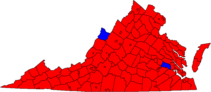 Map showing county choices of the 1984 Senate election in Virginia, between Republican John Warner and Democrat Edythe C. Harrison
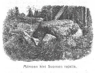 Miinoa stone, old border stone, in Kuhmo, Finland on the border between Finland and Russia
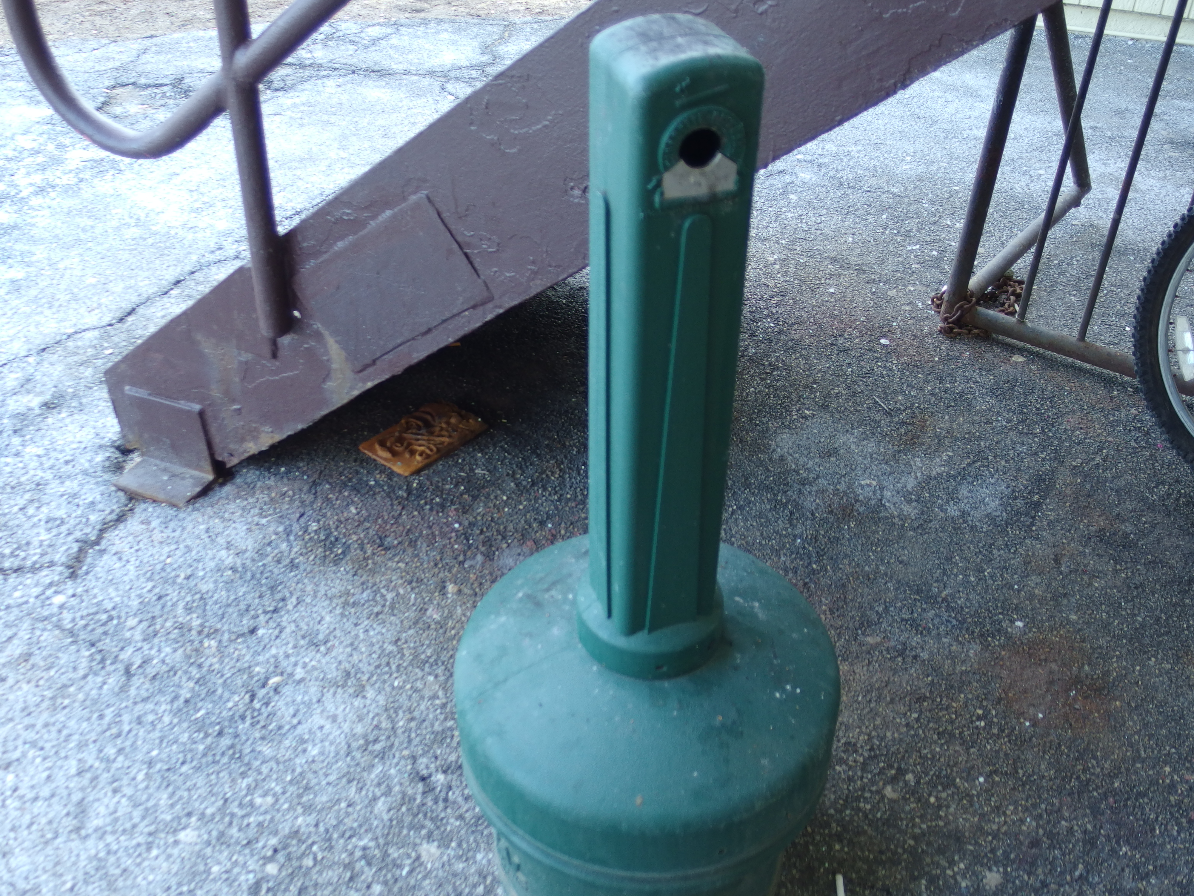 white plains, NY.
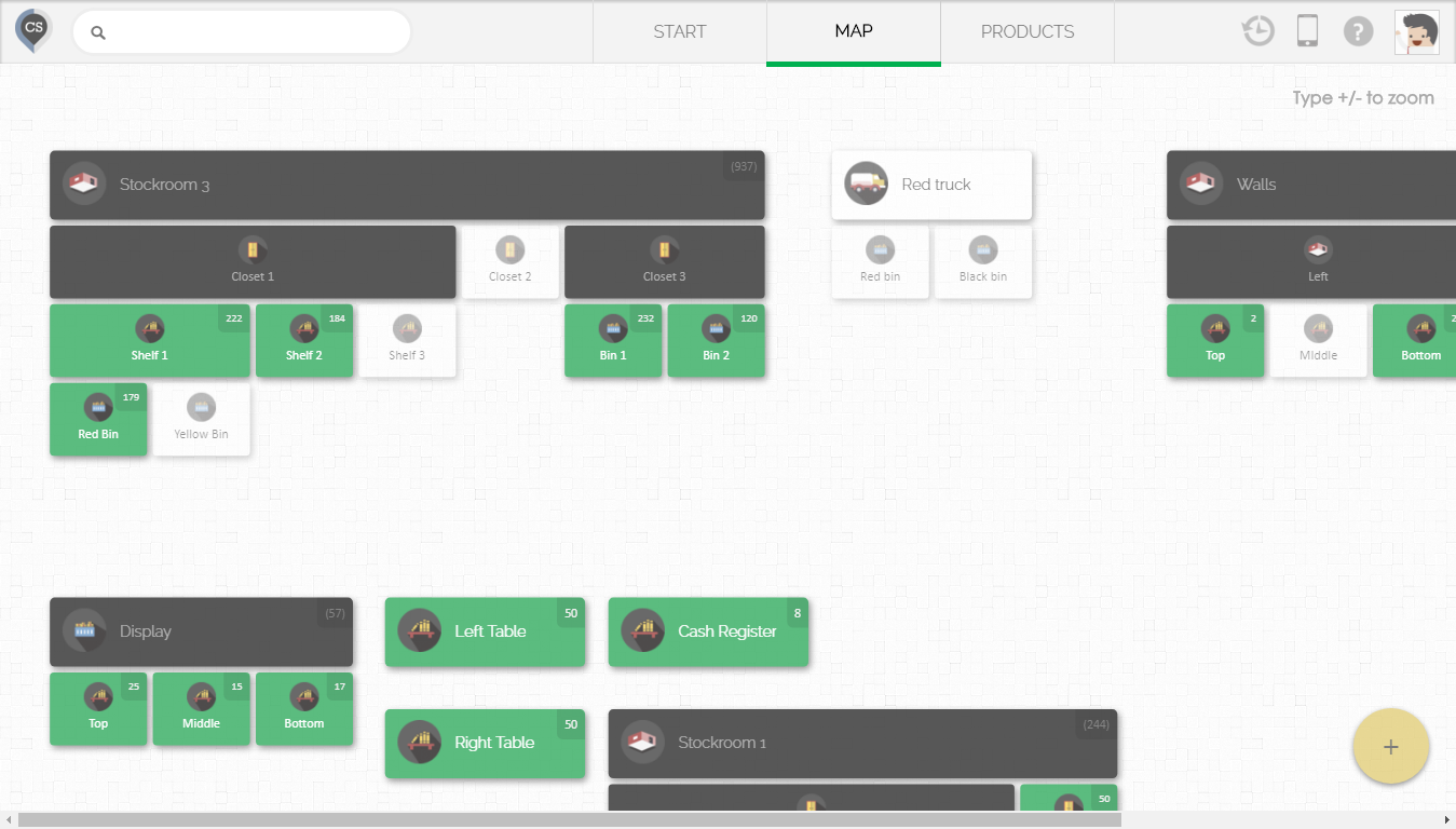 As business move away from pen and paper processes to automated solutions, visibility becomes a key factor in inventory management success.
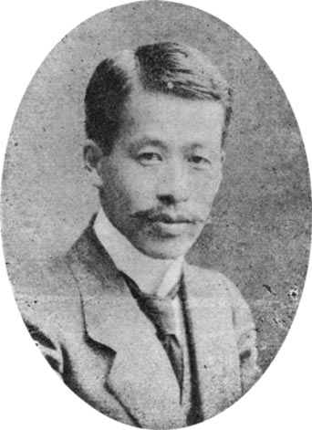 Mr. Sakuki Haruyama.
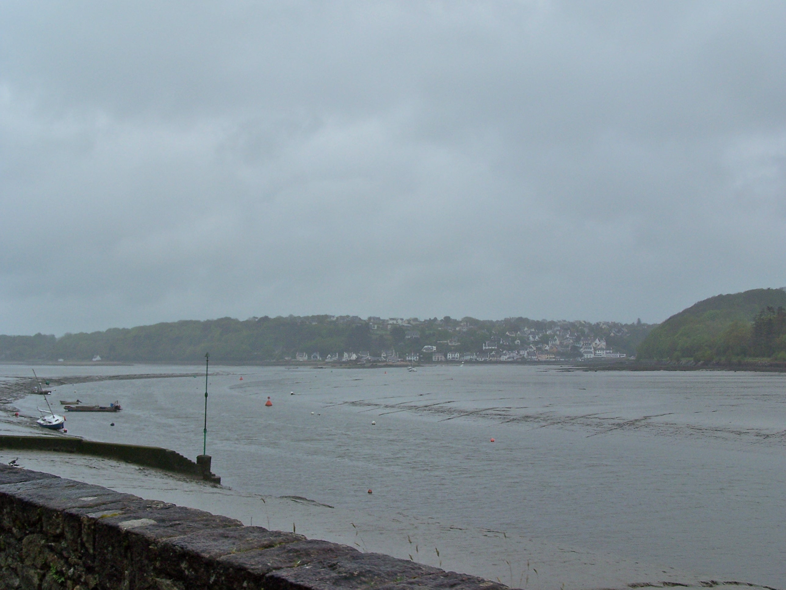 Confluence du Dourduff et de la rivière de Morlaix au niveau du Dourduff-en-Mer
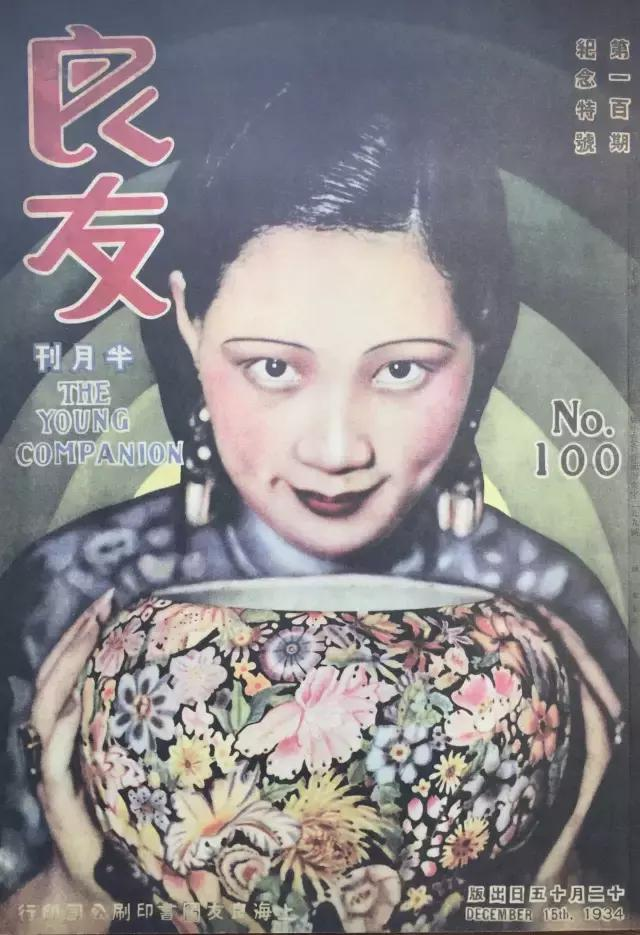 Cover of Liangyou magazine, #100, featuring Xu Lai (徐来).
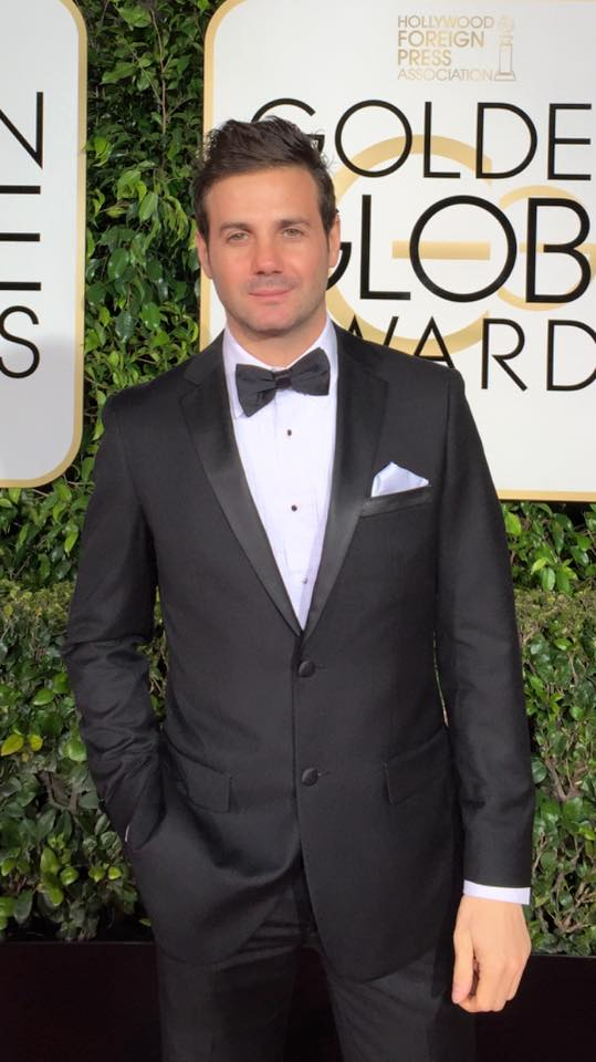 Director Producer Christian Filippella attends the 2015 Golden Globes Awards

**TASK OBJECTIVE:** The answer is the lines of the material above, from the one containing "Miinoa stone, old" down to the one containing "Mr. Sakuki Haruyama.", given exactly and without images.

**SOLUTION TO THIS EXERCISE:**
 Miinoa stone, old border stone, in Kuhmo, Finland on the border between Finland and Russia
 white plains, NY.
 As business move away from pen and paper processes to automated solutions, visibility becomes a key factor in inventory management success.
 Mr. Sakuki Haruyama.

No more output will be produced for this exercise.